The park is a place where people dive and fish and children learn to ride a surfboard.

Ilar went there to meet some male friends for a barbecue, according to a business associate.

Ilar was raised in central Maui. He started a business called "Hawaii Impressions" last December, after working more than 11 years for Akina Aloha Tours Inc.

He began working at Akina Tours as an aide on buses that shuttled the handicapped and impaired between their homes and social and medical services.

He later became a tour driver and sales manager for the company.

"He was an amazing person," said Beth Lau, a partner.

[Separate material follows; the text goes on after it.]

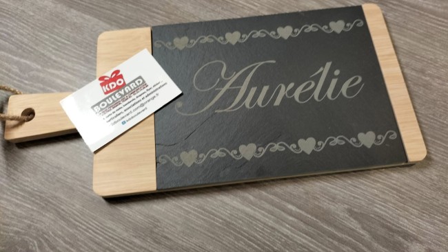 Planche à découper personnalisée en ardoise et bois – Gravure prénom

Lau said Ilar liked to ride horses and started a children's riding unit for parades on Maui.

Robin Crabbe, a friend, said she and Ilar worked with the children and taught them how to care for the horses and ride them, with the hope of perpetuating the art of Hawaiian pa'u on Maui.

He also took youths on horseback rides and diving excursions to Makena in south Maui.

Lau said Ilar met some of the children and parents on the beach.

"You know the Maui feeling. He would get to know them and invite everybody," she said.

"He's the kind of guy who, when he had a barbecue, he would feed everybody, then eat."

Lau said when people in the tour industry heard he was starting a business, they volunteered to help him.

"They knew his potential," she said. "Everybody was going to help him out."

Lau said funeral arrangements are being made for Ilar, who wanted his ashes scattered at Honomanu Bay in east Maui, his favorite diving area.